You can post all manner of cheapness, growth rates, projections, etc. But as long as new demand for energy outstrips nearly all gains, we are in a Red Queen Syndrome. That was the case in 2004 when I heard the same claims and it's still true today. The growth rate of renewables is just too slow to make a significant difference. What do you see changing? I see demand going up even faster as developing countries try to urbanize.
No need to read some fantasy novel here Monte. The facts are listed right in REN21. Electricity demand increased. Yet wind and solar still increased their market share by 1% annually. It already happened. Several years in a row it has been happening. It's not fantasy, it's fact. From 2018 to 2050 is 32 years. Just going by today's increase in market share, not factoring in any increase at all, wind & solar go from 8% market share today to 40% in 2050. And that's just wind & solar.
MonteQuest wrote:You can post all manner of cheapness, growth rates, projections, etc. But as long as new demand for energy outstrips nearly all gains, we are in a Red Queen Syndrome. That was the case in 2004 when I heard the same claims and it's still true today. The growth rate of renewables is just too slow to make a significant difference. What do you see changing? I see demand going up even faster as developing countries try to urbanize.
You say that. Then you use conflated growth rates of .1% to confirm your bias. However that growth rate was for all energy, not electricity. Just at today's growth rate alone we will hit 40% wind & solar by 2050. You can point to all manner of Red Queen Syndrome, Law of Diminishing returns, Betz limit, etc. It does not alter the facts.
MonteQuest wrote:The average of cost for solar PV also declined 73.8% between 2010 and 2018, and wind costs fell 22%, yet little market share was gained. So falling costs are not the whole story.
Oh really? Solar PV capacity additions in 2010 were 24 GW. In 2018, they were 100 GW. Costs falling to one quarter of their former value had nothing to do with a quadrupling of additions huh?
MonteQuest wrote:not to mention the abysmal growth in market share.
Still conflating the growth rate of all energy with electricity I see.

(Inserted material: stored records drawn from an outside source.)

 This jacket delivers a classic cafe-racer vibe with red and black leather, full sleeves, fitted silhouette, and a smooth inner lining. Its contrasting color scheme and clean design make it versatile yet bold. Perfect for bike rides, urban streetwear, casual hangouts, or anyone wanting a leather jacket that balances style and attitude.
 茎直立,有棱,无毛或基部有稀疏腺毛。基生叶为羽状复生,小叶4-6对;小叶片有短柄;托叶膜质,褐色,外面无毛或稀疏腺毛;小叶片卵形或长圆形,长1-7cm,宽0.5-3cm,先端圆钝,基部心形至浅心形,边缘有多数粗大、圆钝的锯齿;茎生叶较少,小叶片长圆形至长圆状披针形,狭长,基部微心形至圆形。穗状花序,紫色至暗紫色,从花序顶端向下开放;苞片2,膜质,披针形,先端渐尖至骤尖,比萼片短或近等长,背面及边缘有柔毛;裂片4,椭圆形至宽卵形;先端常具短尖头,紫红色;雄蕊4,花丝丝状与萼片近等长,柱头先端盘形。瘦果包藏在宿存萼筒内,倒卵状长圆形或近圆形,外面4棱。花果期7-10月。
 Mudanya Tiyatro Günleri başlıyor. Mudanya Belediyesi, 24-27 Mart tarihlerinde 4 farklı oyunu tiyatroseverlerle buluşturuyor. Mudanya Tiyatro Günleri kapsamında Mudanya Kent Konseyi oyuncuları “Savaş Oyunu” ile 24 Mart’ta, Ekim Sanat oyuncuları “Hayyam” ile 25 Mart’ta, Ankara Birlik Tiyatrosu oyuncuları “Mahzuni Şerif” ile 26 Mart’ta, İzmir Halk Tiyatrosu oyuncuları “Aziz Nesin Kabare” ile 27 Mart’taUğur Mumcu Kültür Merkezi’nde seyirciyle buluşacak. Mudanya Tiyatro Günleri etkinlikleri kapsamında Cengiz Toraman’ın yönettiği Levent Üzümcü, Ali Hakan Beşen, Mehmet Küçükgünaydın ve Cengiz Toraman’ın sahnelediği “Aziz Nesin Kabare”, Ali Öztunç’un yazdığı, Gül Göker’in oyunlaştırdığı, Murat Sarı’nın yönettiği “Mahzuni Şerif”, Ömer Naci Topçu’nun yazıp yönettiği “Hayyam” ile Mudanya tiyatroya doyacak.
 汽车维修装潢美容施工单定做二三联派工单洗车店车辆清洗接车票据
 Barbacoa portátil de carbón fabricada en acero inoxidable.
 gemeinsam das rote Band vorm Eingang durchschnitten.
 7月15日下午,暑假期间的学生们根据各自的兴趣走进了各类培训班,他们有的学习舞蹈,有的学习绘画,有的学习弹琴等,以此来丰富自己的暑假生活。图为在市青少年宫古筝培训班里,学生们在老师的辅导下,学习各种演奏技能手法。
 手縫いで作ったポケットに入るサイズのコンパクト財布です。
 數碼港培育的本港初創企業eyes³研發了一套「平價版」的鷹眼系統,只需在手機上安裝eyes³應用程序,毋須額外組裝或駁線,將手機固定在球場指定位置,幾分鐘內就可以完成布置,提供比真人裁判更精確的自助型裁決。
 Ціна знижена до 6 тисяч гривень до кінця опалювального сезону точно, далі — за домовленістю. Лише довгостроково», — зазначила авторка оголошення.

A 1% annual increase in market share will take wind & solar to 40% of market share by 2050. That's just wind & solar alone.
MonteQuest wrote:2019's data will be out in June. I don't anticipate a huge jump from that .4%/yr growth rate. Any bet takers?
I'll take that bet. I've already seen the data for 2019 from global dashboard. Their values are slightly different from REN21 but in the same ballpark. They show coal generation falling. I'm betting wind & solar will increase their market share by at least double that rate.
The oil barrel is half-full.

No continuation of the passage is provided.